**What you will do:** Take the lines below from the one with "Rare & Elegant" through the one with "通过Tools->Device Manager创建HarmonyOS 6.0+模拟器" and retype them exactly. Include nothing else, and no pictures.

**Exercise data:**
※ ※ ※
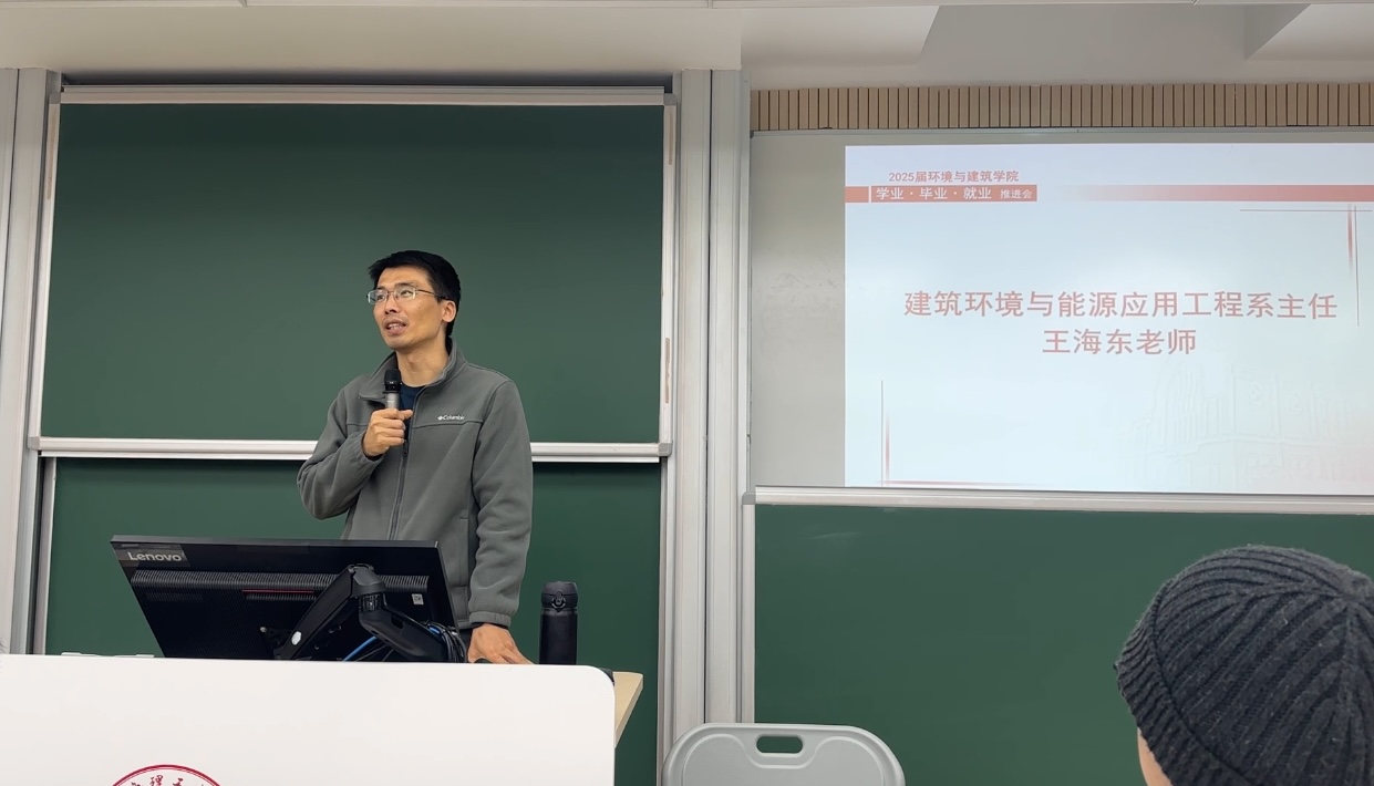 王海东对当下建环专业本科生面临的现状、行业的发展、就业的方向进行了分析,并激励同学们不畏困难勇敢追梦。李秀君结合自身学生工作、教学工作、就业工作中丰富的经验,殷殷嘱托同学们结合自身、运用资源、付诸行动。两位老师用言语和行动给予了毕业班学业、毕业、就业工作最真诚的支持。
※ ※ ※
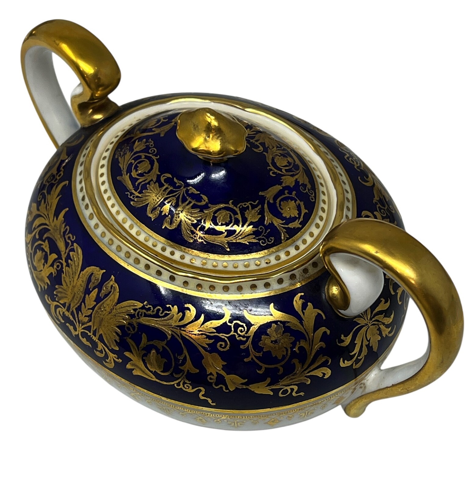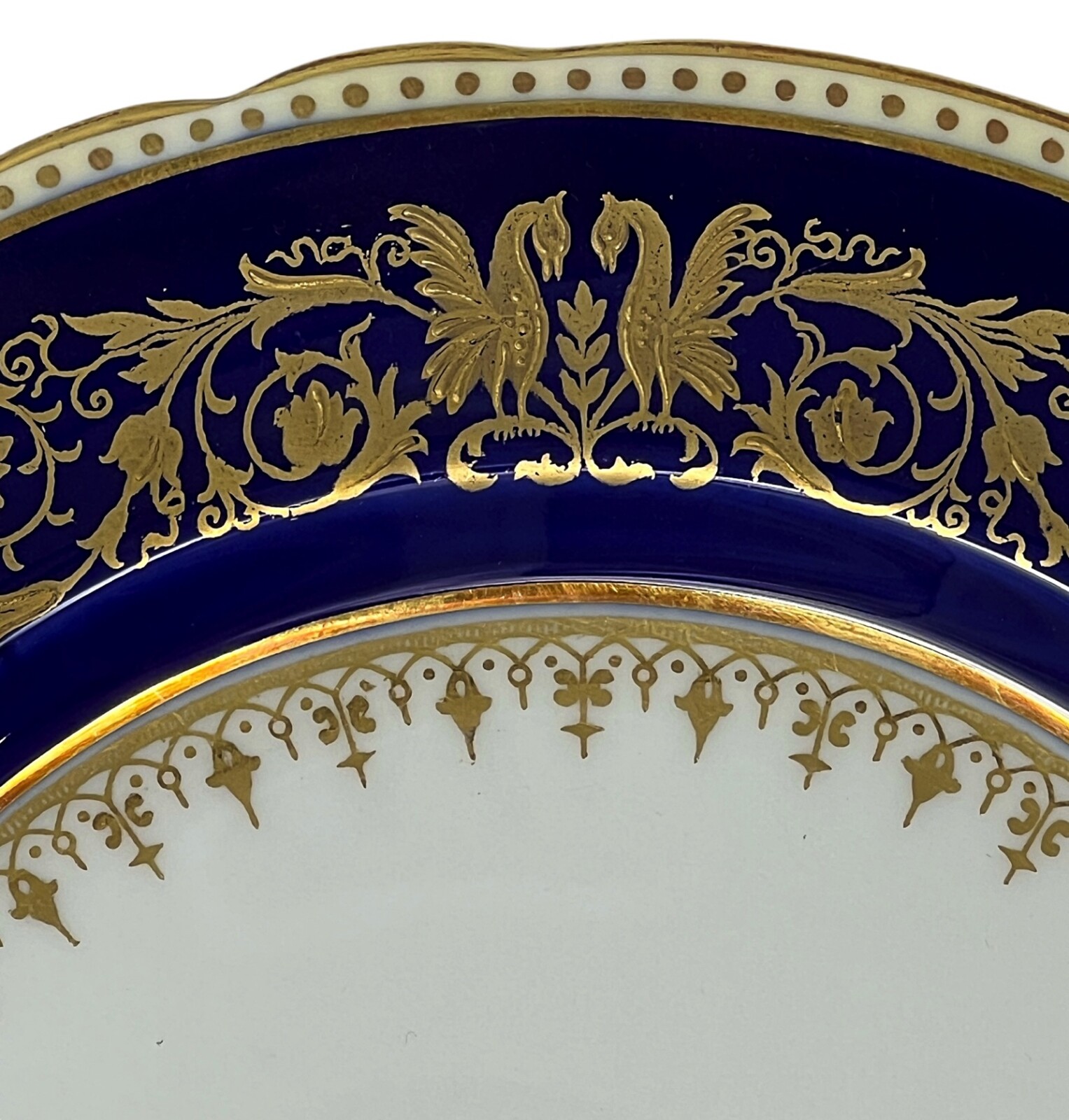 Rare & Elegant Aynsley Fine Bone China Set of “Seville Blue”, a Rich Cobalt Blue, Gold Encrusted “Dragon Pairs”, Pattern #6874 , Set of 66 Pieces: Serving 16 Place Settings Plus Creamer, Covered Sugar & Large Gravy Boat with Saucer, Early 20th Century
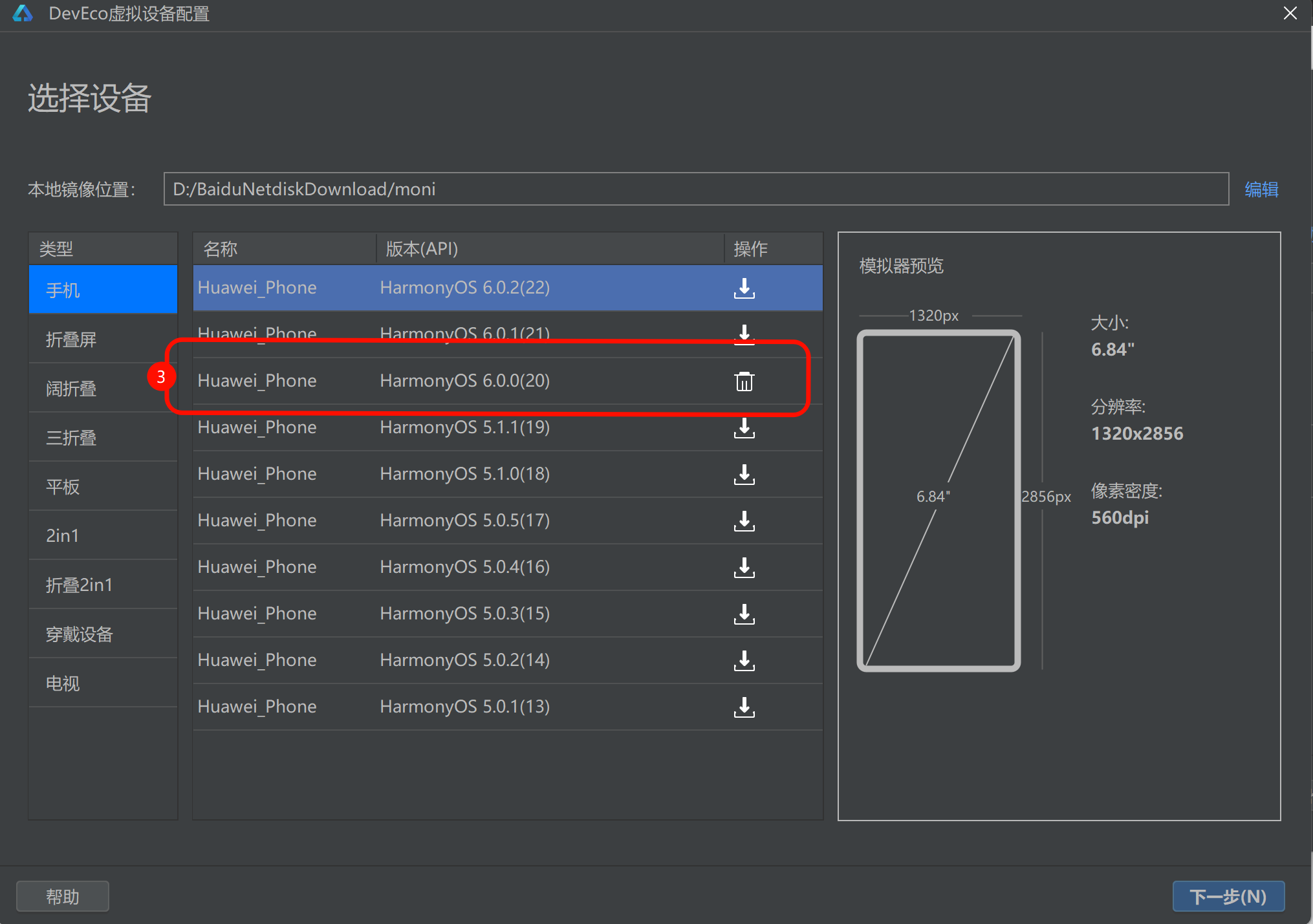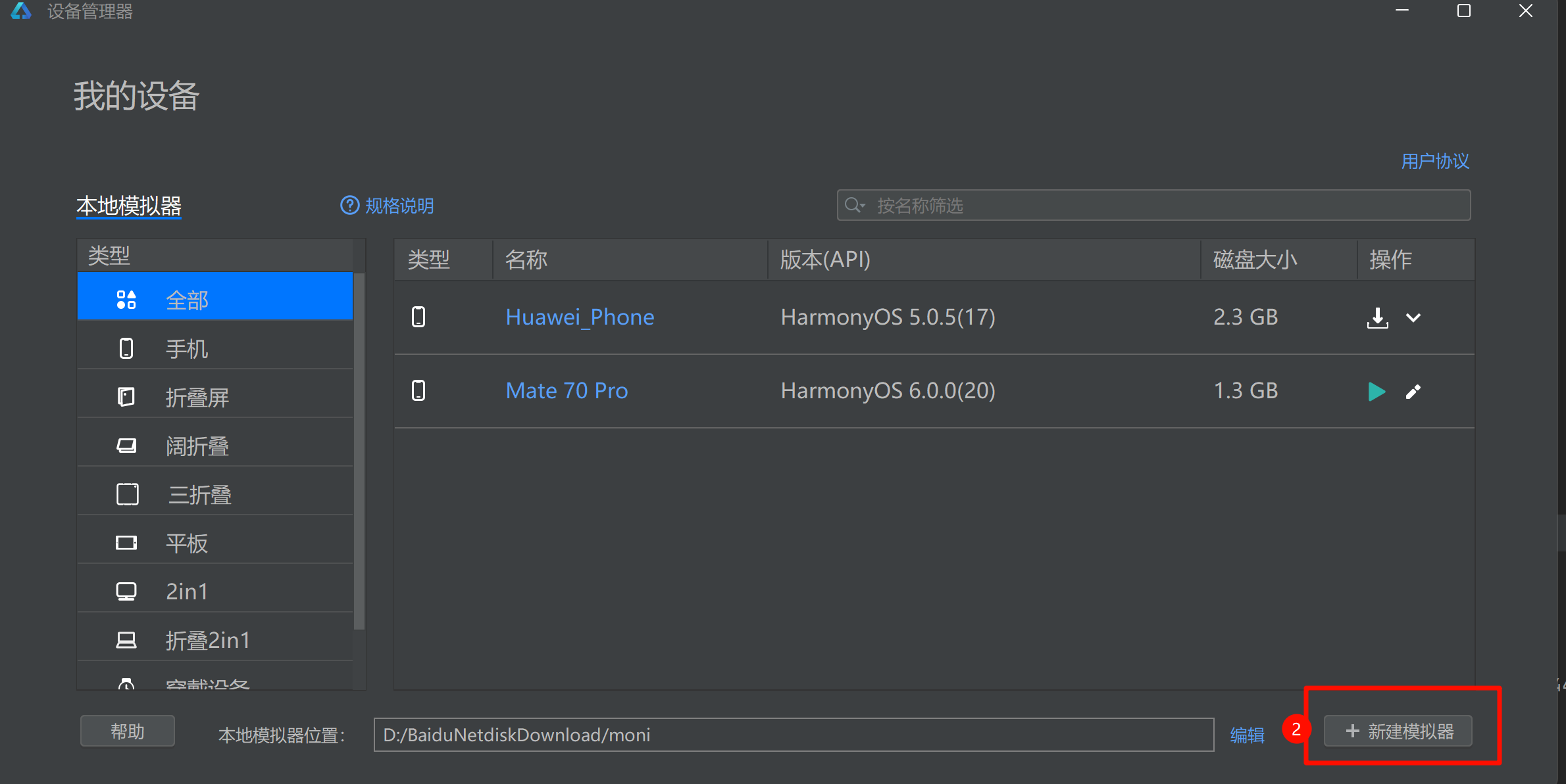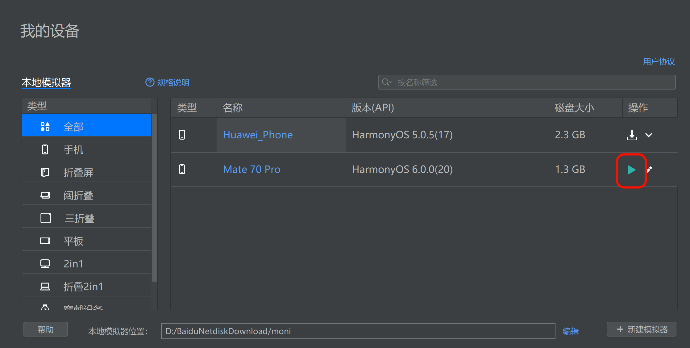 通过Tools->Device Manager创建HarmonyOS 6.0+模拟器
※ ※ ※
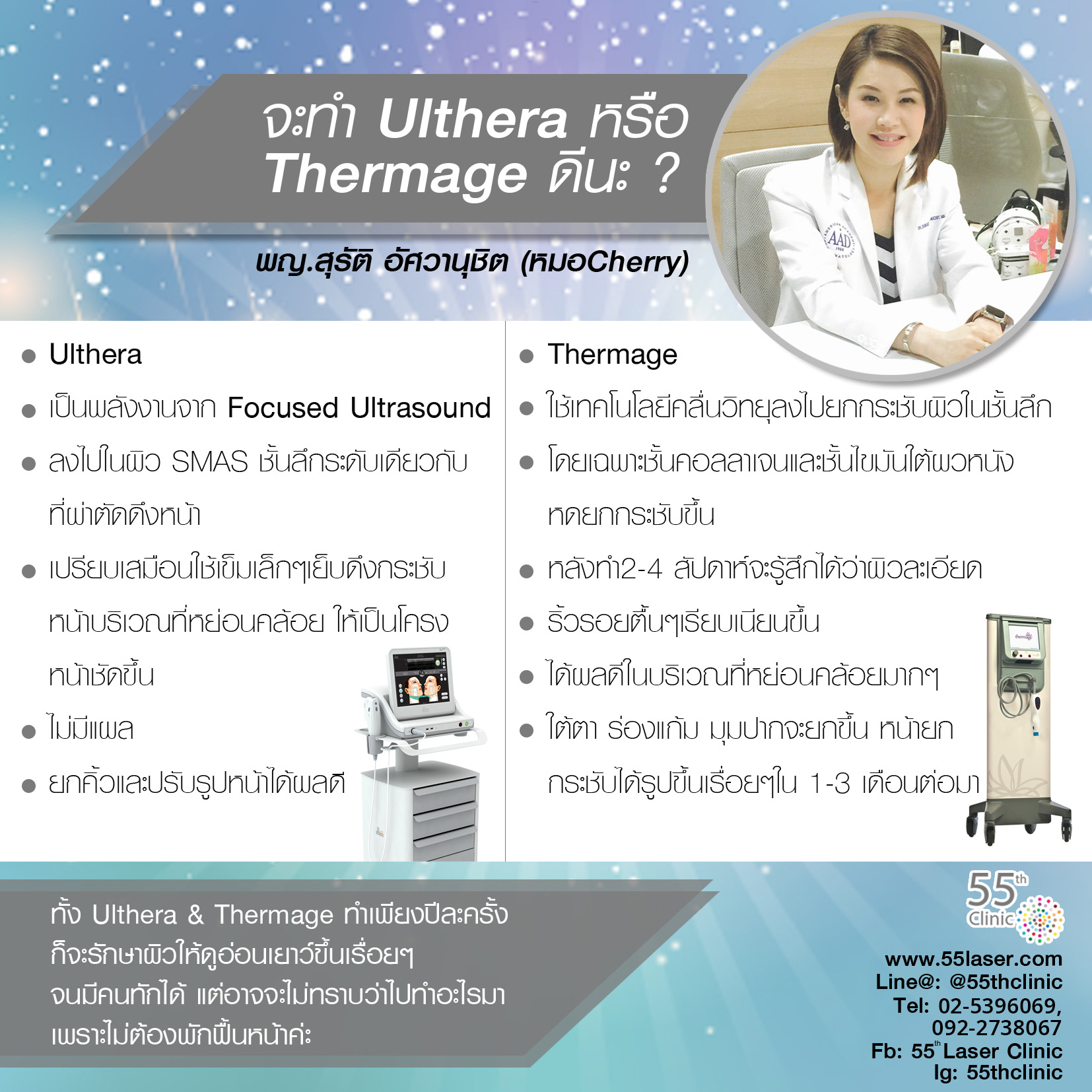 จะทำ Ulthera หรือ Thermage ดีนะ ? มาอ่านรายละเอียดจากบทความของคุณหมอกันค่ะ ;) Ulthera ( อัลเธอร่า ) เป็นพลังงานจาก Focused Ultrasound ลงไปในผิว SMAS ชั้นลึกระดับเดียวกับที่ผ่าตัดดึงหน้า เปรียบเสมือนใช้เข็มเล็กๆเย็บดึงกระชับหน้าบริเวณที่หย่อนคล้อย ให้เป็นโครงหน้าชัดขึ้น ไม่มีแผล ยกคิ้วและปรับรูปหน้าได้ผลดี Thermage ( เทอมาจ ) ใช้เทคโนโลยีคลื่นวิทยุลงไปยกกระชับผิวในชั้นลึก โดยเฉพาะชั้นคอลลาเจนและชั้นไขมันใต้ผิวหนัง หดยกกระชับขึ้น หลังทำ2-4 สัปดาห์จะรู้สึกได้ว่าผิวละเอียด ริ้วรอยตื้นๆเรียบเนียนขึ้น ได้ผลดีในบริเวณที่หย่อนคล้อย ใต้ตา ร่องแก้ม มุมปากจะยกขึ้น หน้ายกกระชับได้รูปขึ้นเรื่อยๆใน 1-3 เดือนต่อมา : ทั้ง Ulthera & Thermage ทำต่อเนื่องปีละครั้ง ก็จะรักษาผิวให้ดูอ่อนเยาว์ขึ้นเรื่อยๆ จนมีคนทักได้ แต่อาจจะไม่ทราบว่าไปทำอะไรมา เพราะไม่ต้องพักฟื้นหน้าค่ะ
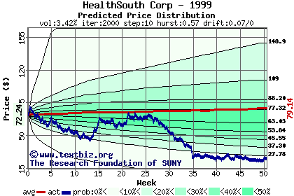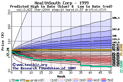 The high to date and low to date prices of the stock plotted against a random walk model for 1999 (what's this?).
※ ※ ※
**Expected answer:**
 Rare & Elegant Aynsley Fine Bone China Set of “Seville Blue”, a Rich Cobalt Blue, Gold Encrusted “Dragon Pairs”, Pattern #6874 , Set of 66 Pieces: Serving 16 Place Settings Plus Creamer, Covered Sugar & Large Gravy Boat with Saucer, Early 20th Century
 通过Tools->Device Manager创建HarmonyOS 6.0+模拟器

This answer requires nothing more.